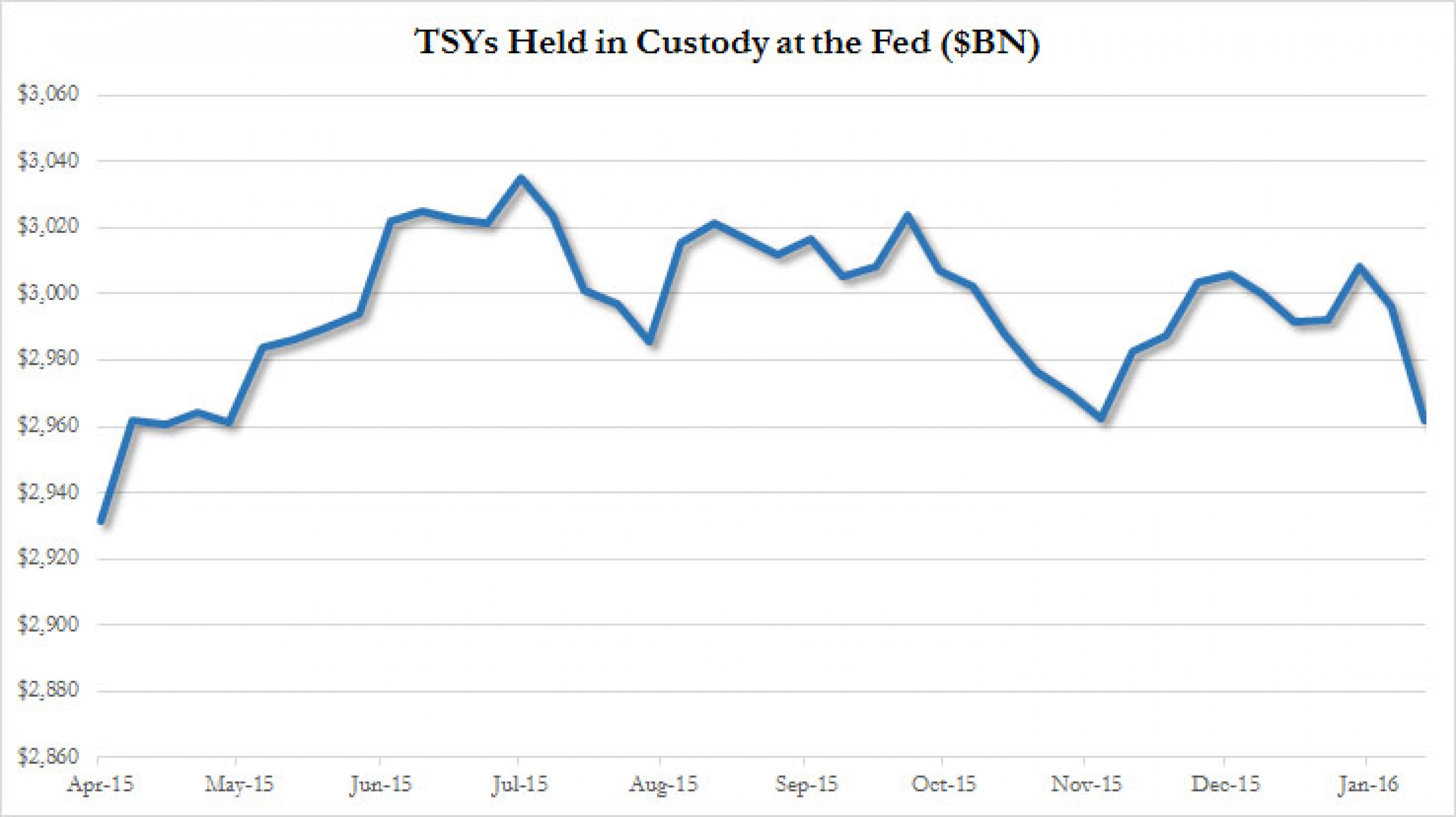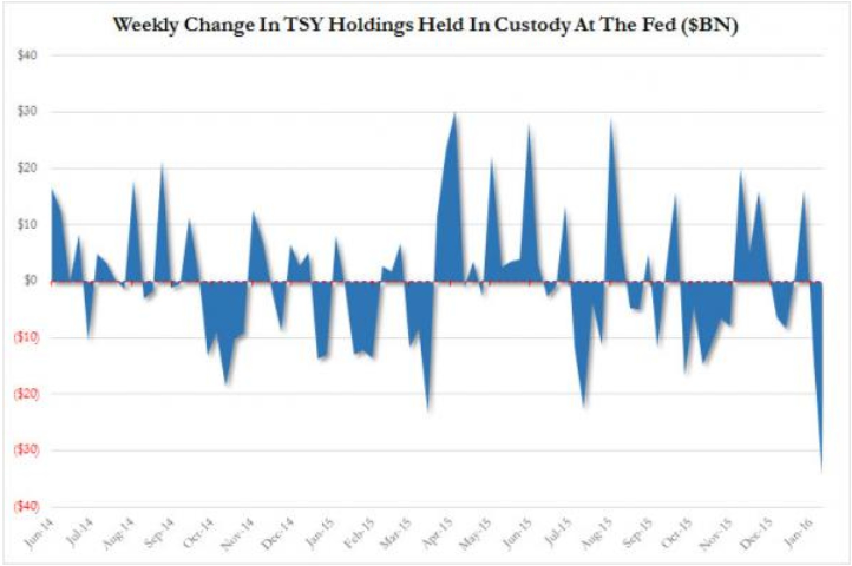 По последним данным ФРС, после того как центральные банки продали гособлигаций США на $12 млрд в первую неделю года, на неделе, завершившейся 13 января, они избавились еще от $34,5 млрд бумаг. И это самый худший старт года в истории.
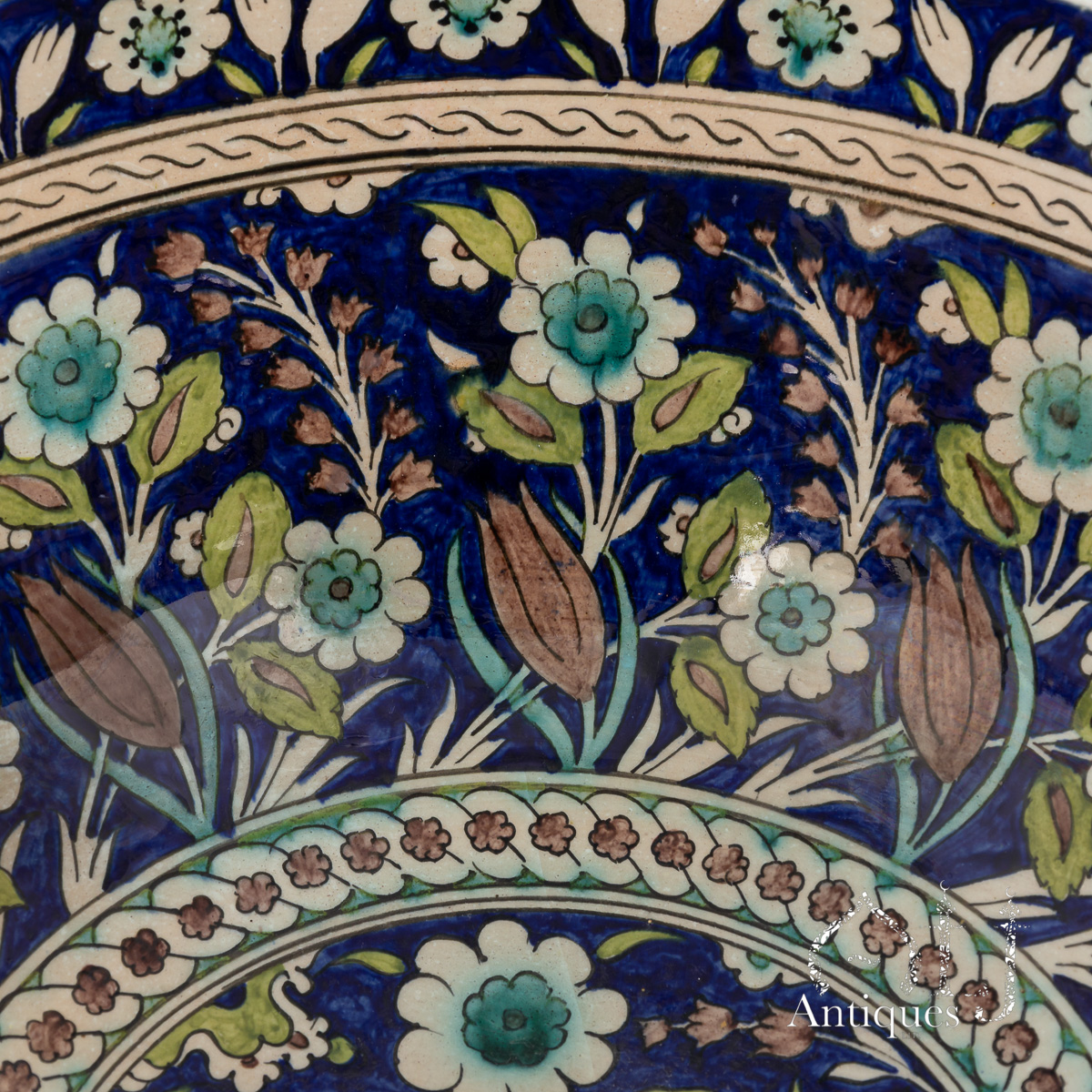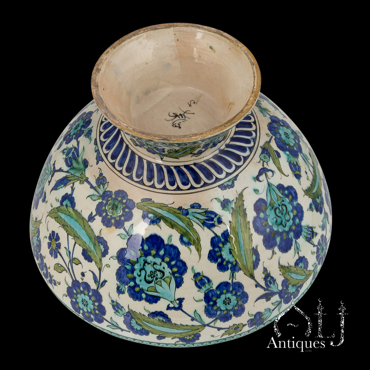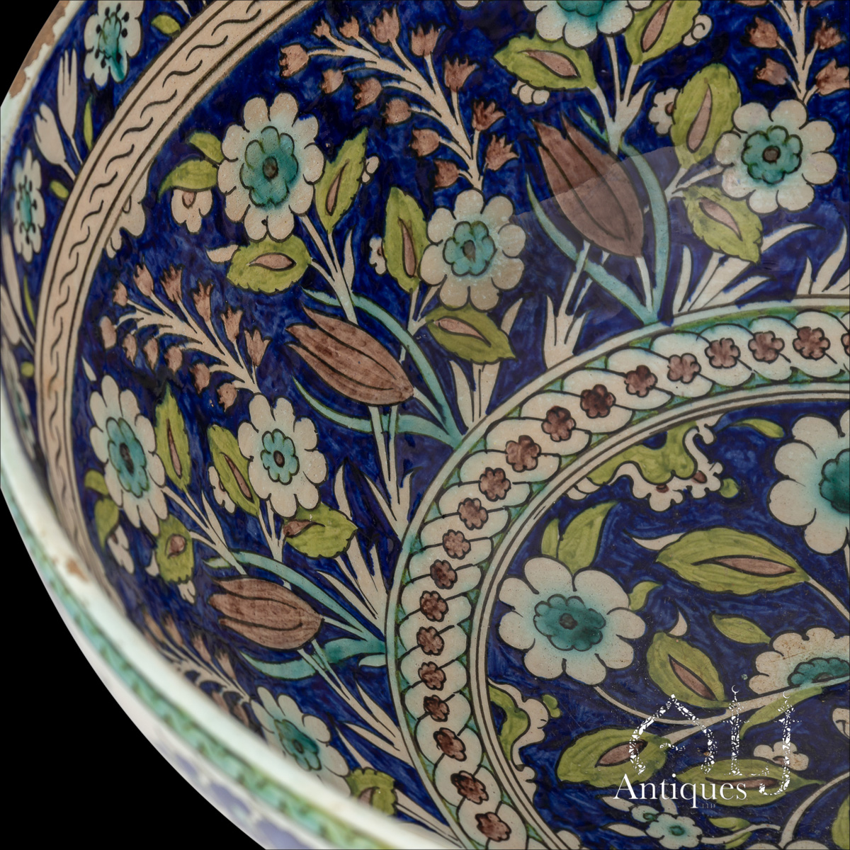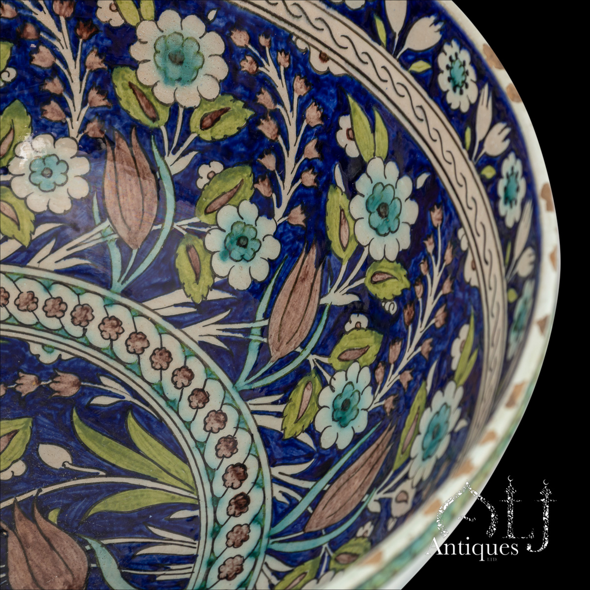 An exceptionally rare and finely painted large Iznik “Damascus”-style faience footed basin by Ulisse Cantagalli, beautifully decorated under a transparent glaze in cobalt blue, turquoise, viridian green, and brick red, all outlined in fine black in the Ottoman Iznik manner.
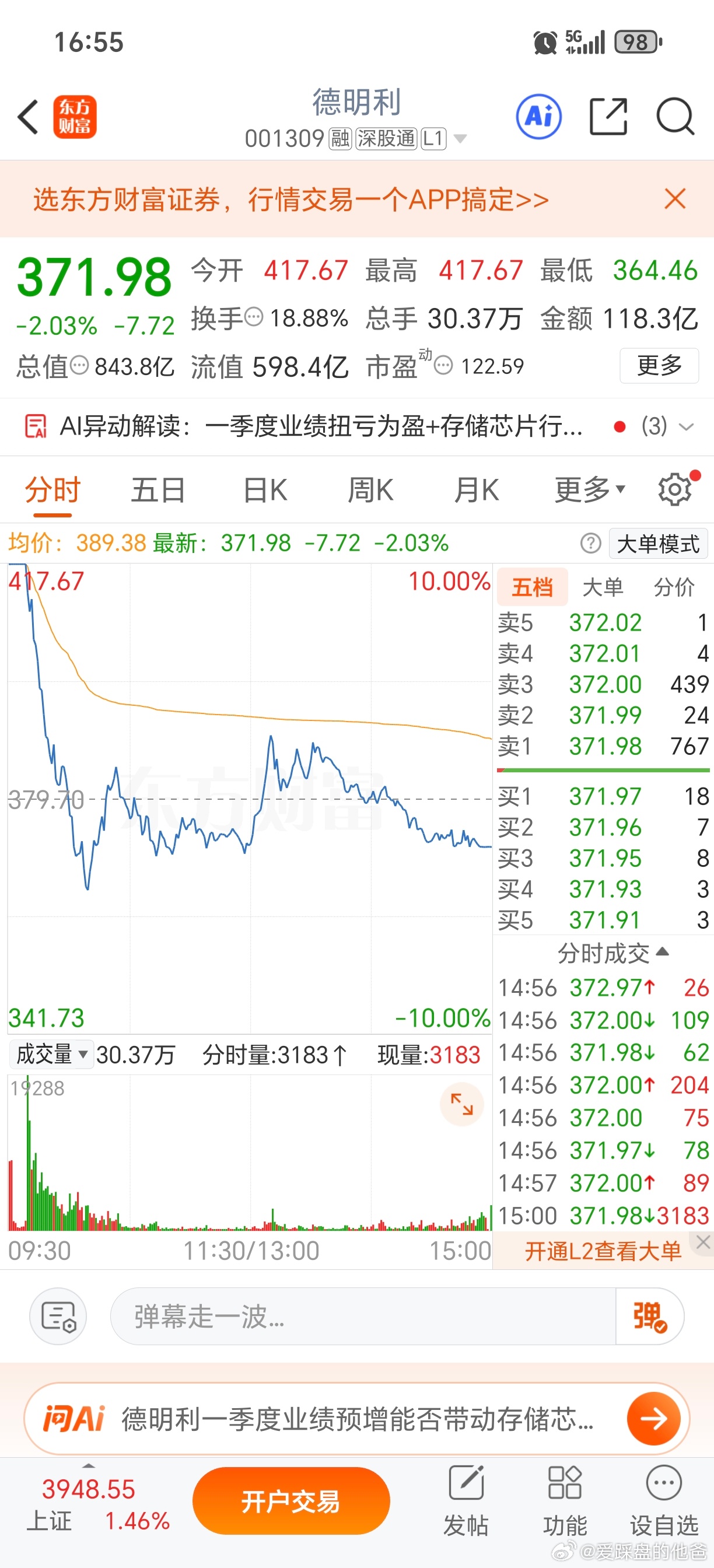 今天是打板选手的噩梦,明天再低开,就亏十几个点。
___
## WHAT IS BEING ASKED
No pictures go in the copy. Set down all the data exactly.

## RESPONSE TO THIS EXERCISE
 По последним данным ФРС, после того как центральные банки продали гособлигаций США на $12 млрд в первую неделю года, на неделе, завершившейся 13 января, они избавились еще от $34,5 млрд бумаг. И это самый худший старт года в истории.
 An exceptionally rare and finely painted large Iznik “Damascus”-style faience footed basin by Ulisse Cantagalli, beautifully decorated under a transparent glaze in cobalt blue, turquoise, viridian green, and brick red, all outlined in fine black in the Ottoman Iznik manner.
 今天是打板选手的噩梦,明天再低开,就亏十几个点。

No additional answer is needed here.